Oleh: Titien Suprihatien, Guru SMPN 11 Batanghari
“Bully terkadang berawal dari ketidaksengajaan, tidak hanya dilakukan oleh siswa namun ada kalanya kami (guru) juga keceplosan.”
KOMPAS.com - Tidak bisa dipungkiri kehidupan anak-anak penuh dengan canda tawa, terlebih saat mereka bersama di sekolah. Sekolah menjadi tempat tumbuh dan berkembangnya jiwa dan raga siswa.
Segala interaksi terjadi akan mempengaruhi hati dan rasa yang mereka punya.
Namun, ada banyak juga interaksi yang menyebabkan terjadinya bully pada siswa, baik dilakukan oleh sesama siswa, atau siswa membully gurunya.

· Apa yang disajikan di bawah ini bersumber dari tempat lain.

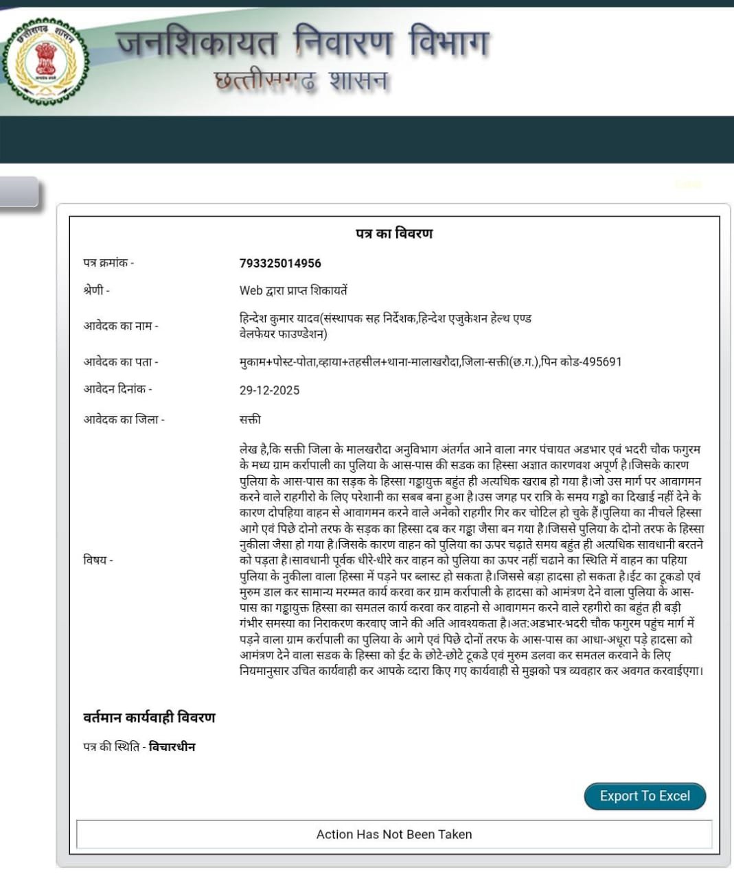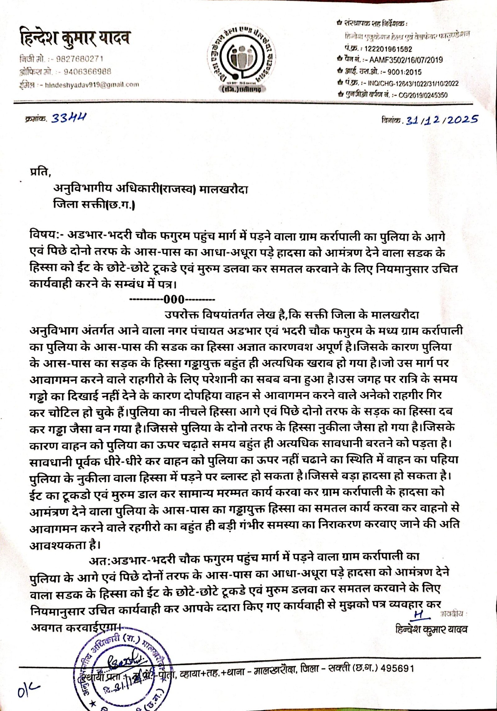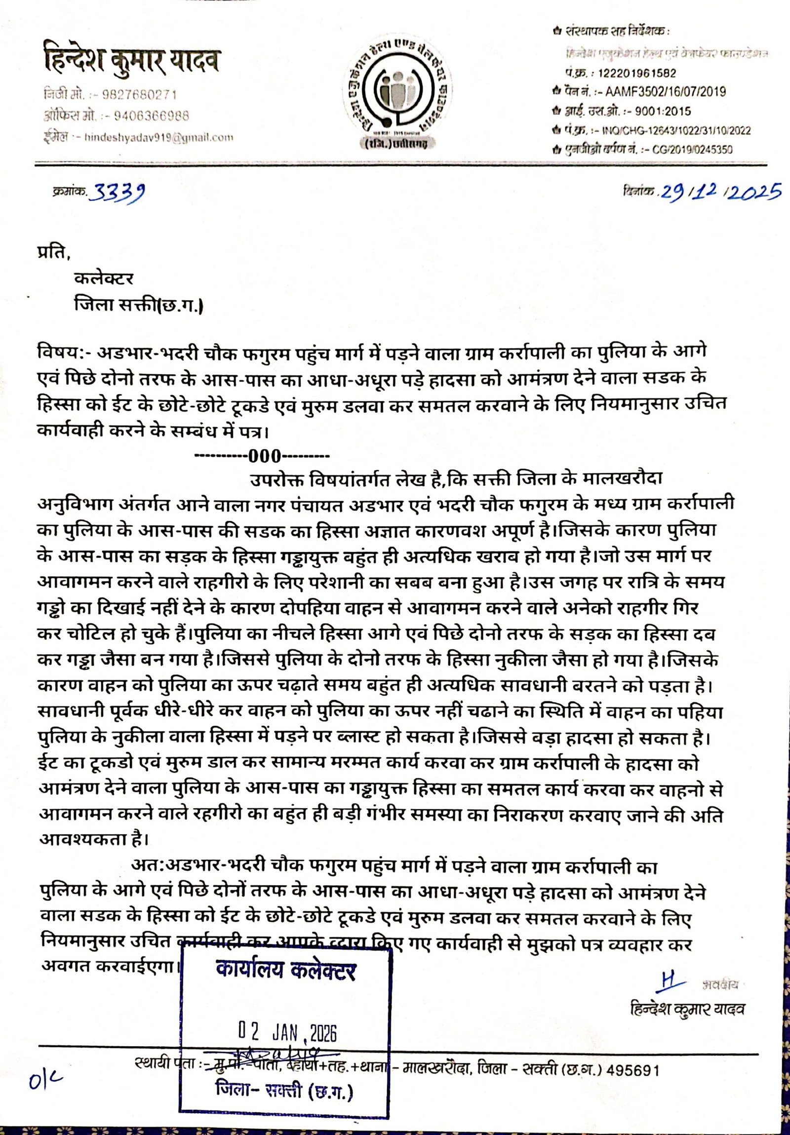 मालखरौदा(एचकेपी 24 न्यूज)।सक्ती-टुण्ड्री पहुंच मार्ग में स्थित ग्राम कर्रापाली के सड़क का पुलिया के आस-पास हिस्सा की गड्ढा बनने दब जाने से पुलिया का ऊंचाई बढ़ने के कारण पुलिया की दोनो तरफ के हिस्सा का नुकीला हो जाने से वाहनो के पहिया का आवागमन करने के दौरान पुलिया का नुकीले हिस्सो से टकरा कर ब्लास्ट होकर बडा हादसा होने का हर पल संभावना बना हुआ है। हादसा को आमंत्रण देने वाला सडक का पुलिया के आस-पास गड्ढायुक्त दबने वाला हिस्सो मे ईट का छोटा-छोटा टुकडा एवं मुरुम डलवा कर पुलिया एवं सडक को समतल करवाने नियमानुसार उचित कार्यवाही करने हिन्देश एजुकेशन हेल्थ एण्ड वेलफेयर फाउण्डेशन के संस्थापक सह निर्देशक हिन्देश कुमार यादव ने जनशिकायत निवारण विभाग छ.ग.शासन,कलेक्टर एवं एसडीएम को पत्र लिखा है।

Bahkan bullying atau perundungan tak sengaja terkadangpun terucap dari lidah sang guru.
Body shaming kerap terjadi di sekolah, ini adalah jenis bullying verbal. Seorang siswa menyapa temannya dengan penggilan negatif, mengomentari dan menghina fisik.
Ada banyak panggilan negatif seperti: “pik itam” artinya gadis hitam, “buntal” artinya gendut, “tengkot” atau pincang, “bleng” berarti kulitnya panuan.

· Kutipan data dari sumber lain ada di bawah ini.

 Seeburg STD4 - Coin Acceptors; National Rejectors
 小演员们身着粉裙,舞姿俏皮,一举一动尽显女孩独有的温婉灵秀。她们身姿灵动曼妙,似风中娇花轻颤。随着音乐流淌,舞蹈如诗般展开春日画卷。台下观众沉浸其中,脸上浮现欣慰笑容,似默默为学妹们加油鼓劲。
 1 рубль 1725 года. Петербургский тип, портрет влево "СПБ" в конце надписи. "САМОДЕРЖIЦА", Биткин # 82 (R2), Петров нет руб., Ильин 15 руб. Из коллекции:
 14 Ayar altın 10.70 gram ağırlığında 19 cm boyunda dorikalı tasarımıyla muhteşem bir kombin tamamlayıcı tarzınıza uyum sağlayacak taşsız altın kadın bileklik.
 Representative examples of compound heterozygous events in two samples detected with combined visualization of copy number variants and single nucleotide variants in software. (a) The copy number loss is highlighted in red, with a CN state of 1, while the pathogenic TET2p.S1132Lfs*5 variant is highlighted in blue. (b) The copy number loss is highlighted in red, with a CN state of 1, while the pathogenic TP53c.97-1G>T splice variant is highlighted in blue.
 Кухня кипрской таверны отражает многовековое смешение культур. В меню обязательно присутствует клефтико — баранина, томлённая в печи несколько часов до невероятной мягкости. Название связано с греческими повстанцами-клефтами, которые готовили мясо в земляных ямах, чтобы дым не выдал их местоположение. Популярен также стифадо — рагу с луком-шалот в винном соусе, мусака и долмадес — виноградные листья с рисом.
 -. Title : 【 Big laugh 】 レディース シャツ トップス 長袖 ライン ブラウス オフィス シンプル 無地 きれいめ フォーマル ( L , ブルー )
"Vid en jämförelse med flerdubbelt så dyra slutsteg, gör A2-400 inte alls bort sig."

Terkadang tersirat sebagai candaan anak-anak, namun tak jarang juga menyebabkan perkelahian.
Anak-anak tertentu terkadang tidak bisa menerima ejekan temannya. Korban ejekkan cenderung menjadi pendiam dan menarik diri dari komunitas di kelasnya, menjadi pendiam dan tidak bisa belajar dengan nyaman.
Tidak hanya siswa, gurupun punya panggilan bully tersendiri dari siswanya
Butuh kesabaran ekstra besar bagi seorang guru dalam menghadapi ragam pola tingkah laku anak didik. Perubahan perilaku hidup membuat sebagian siswa-siswi memiliki kepribadian yang susah untuk dibina.
Kenyataan ini membuat guru terkadang emosi. “Kamu tidak seperti kakakmu! Dulu kakakmu rajin, pintar, patuh, berprestasi, sekarang giliran adiknya….. parah… sudah bodoh, bandel pula!”.
Anak didik paling tidak suka dibanding-bandingkan. Ini akan melukai hari siswa, luka yang akan membekas hingga ia dewasa. Bahkan akan mempengaruhi hubungan baik dengan sang kakak yang selalu dipuji
Selain membandingkan siswa dengan kakaknya yang sudah tamat, ada juga kecenderungan oknum guru yang membandingkan anak didik dengan anak kandungnya.